Volunteers have big plans for forests
If you head into the woods of Forbes State Forest, walking a trail as you go, thank a volunteer.
Employees of the state bureau of forestry’s Laughlintown office do a lot of work to blaze and maintain those trails, to be sure. But they’ve also enlisted some others to help with that work.
District forester Ed Callahan has a Laurel Mountain Volunteer Group at his disposal, and they’ve been busy.
Made up of representatives of 10 groups in all, including mountain bikers, hikers, skiers, and horseback riders, the group — led by volunteer coordinator Mark Bittner — works four days a year to resurface or reinforce sections of trails worn out from use and natural erosion, clear brush, perform trash and litter pickups, clean culverts and ditches, install steps on steep trail sections, and blaze trails.
An average work day draws 25 to 50 volunteers, even when the weather is bad.
“That’s how much people care about this natural resource and are willing to work to conserve it,” Bittner said in an article about the group published in the PA Parks and Forests newsletter.
The volunteers — who are rewarded at the end of each year with a banquet — have some big future plans, too.
The group has received grants from area foundations and companies, and used some of it to buy gas-powered trimmers, wood stain and other supplies. Additional money is being sought. The idea is to use that money to move from just maintenance to “significant projects,” such as perhaps building a pavilion.
Some of those decisions will be made this spring when the group holds its annual planning meeting. Anyone wanting to get involved or learn more about the group can call Forbes State Forest at 724-238-1200.
In the meantime, Callahan said the group and its involvement is a wonderful thing for local outdoor recreation and for camaraderie among those user groups.
“Having this group has accomplished many things. It has given the user groups a chance to work side by side, gain perspective from one another, air some differences, and also has allowed them to feel freer to let me know their groups needs,” he said in that newsletter article. “And, they see just how much work it takes to keep a trail system like this functioning.”
Chris Dolnack, a native of Western Pennsylvania’s Mon Valley region who generally returns to the state each fall to hunt from the family camp, has earned a promotion.

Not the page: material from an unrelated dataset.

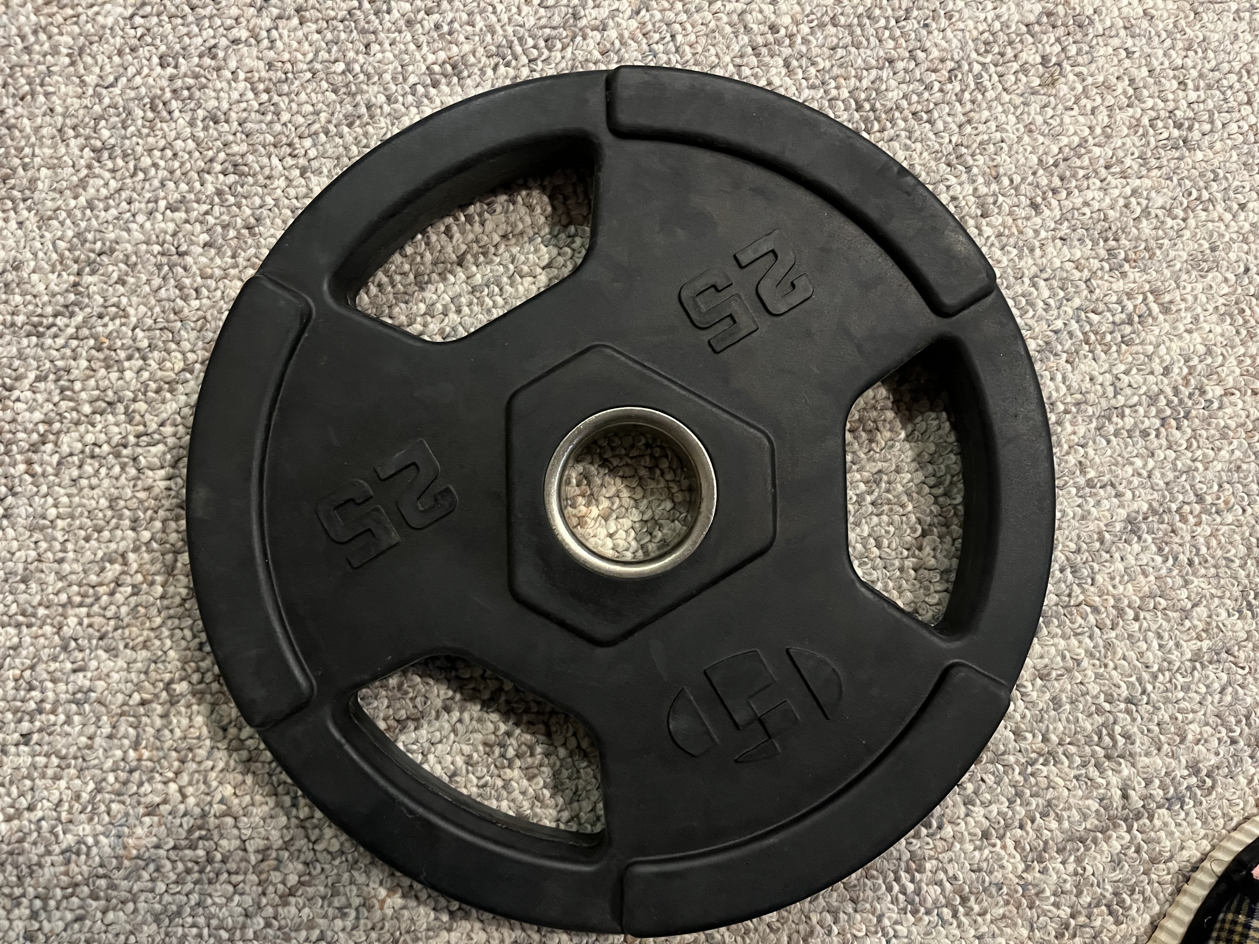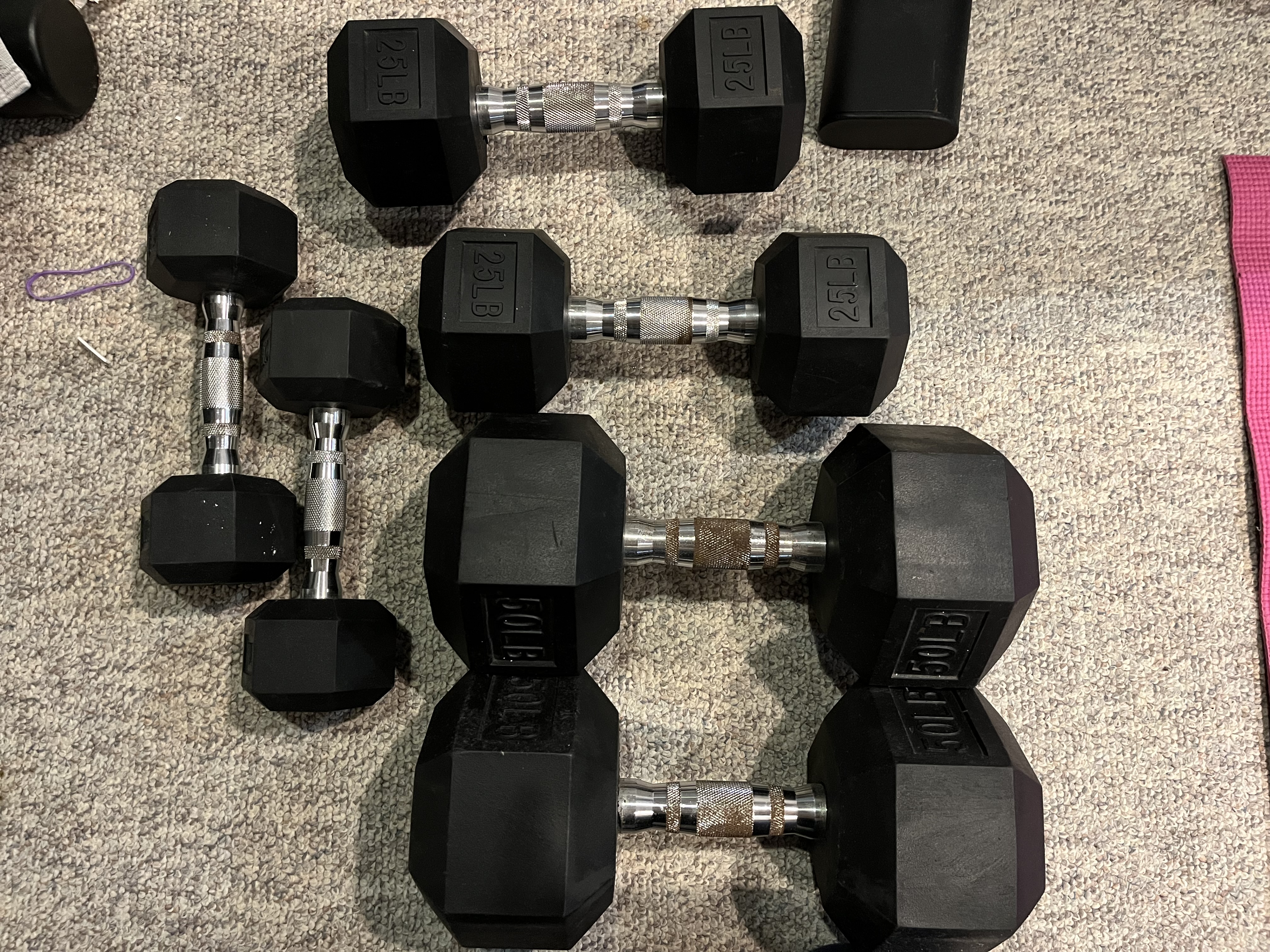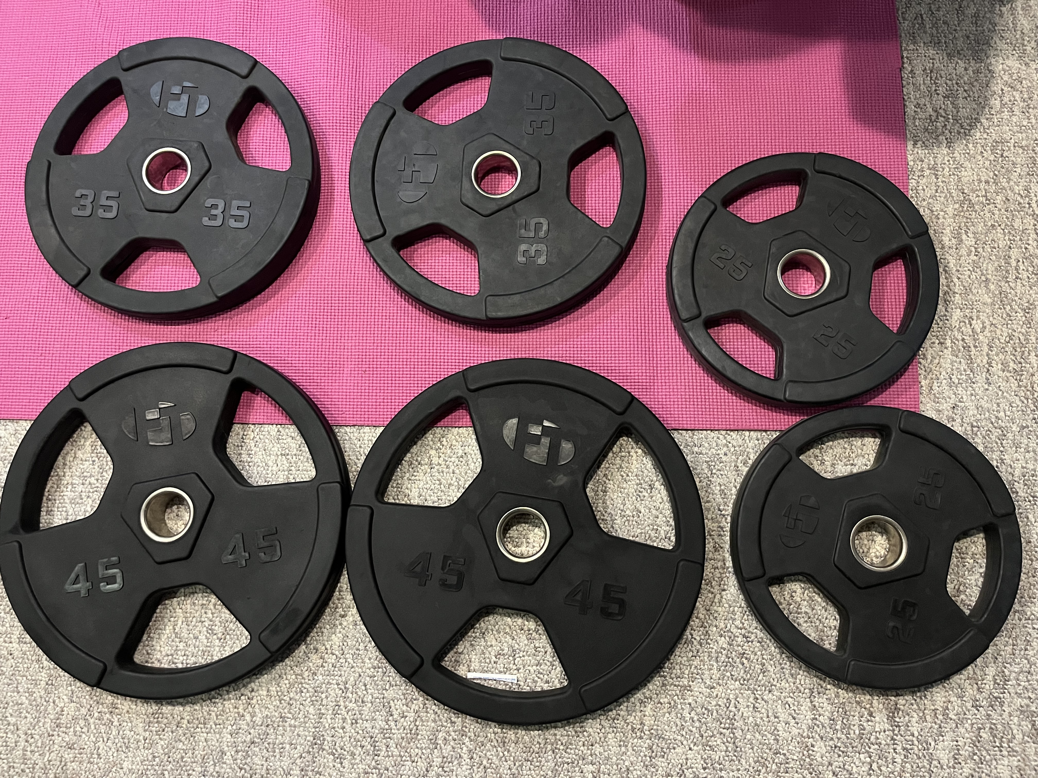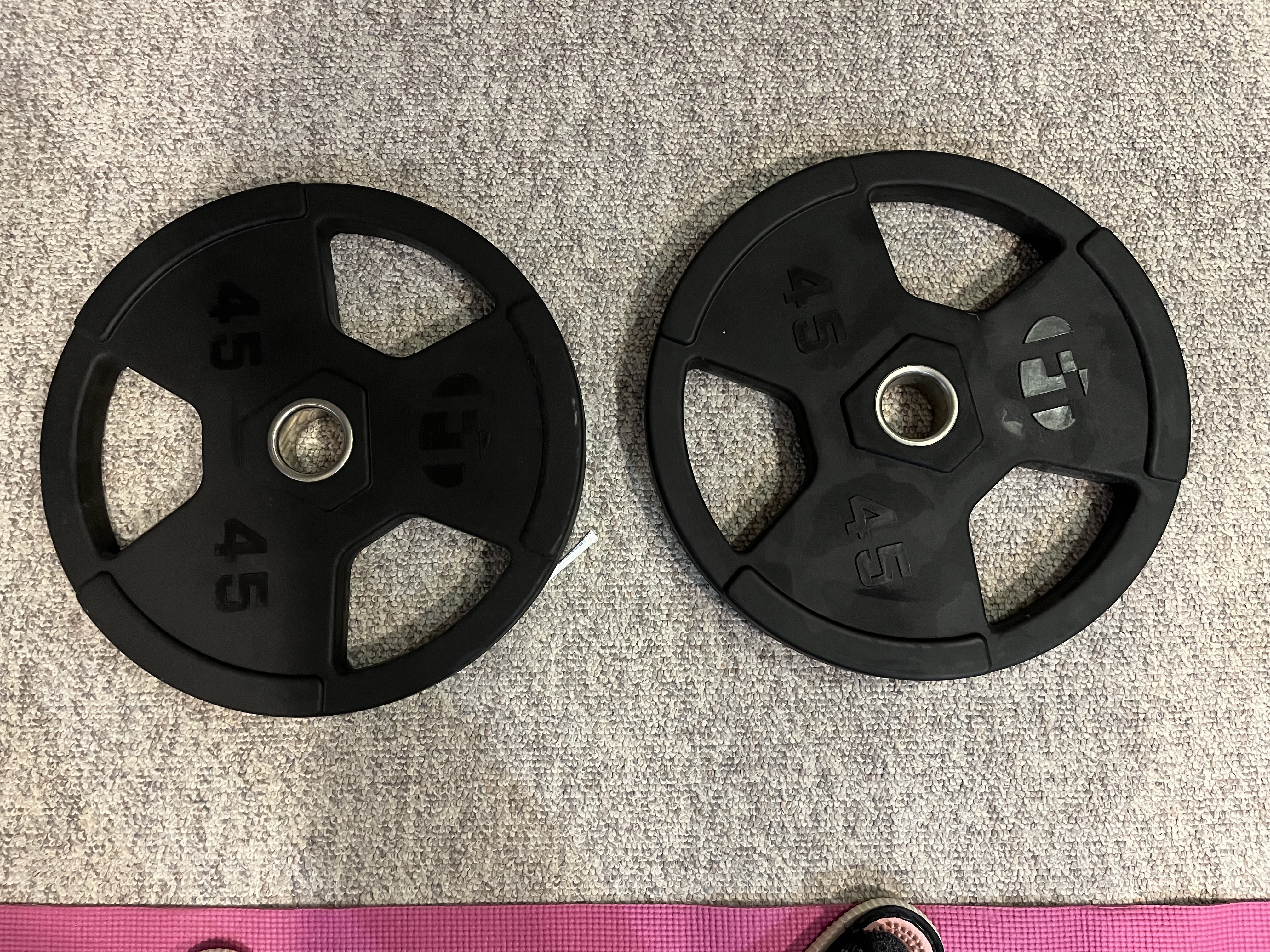 “홈트 완성! 러버 헥스 덤벨 세트(45, 25, 10파운드)와 올림픽 플레이트 세트(45, 35, 25파운드) 모두 포함! 모든 장비 상태 훌륭하고, 홈짐 꾸미기 딱이죠. 세트 전체 가격은 450달러입니다. 로컬 픽업 우선이며, 협의 가능합니다. 사진 참고하셔서, 궁금한 점 있으면 언제든 연락 주세요!”

Dolnack has been named chief marketing officer of the National Shooting Sports Foundation, the trade association representing the hunting and shooting industry. In his new role, he will “oversee a broad range of activities, including marketing and sales operations, communications, branding, membership, business development, SHOT Show, partnership marketing and customer recruitment and retention.”
Dolnack has been with the foundation for 14 years. Prior to that he worked in marketing with Smith & Wesson and Colt.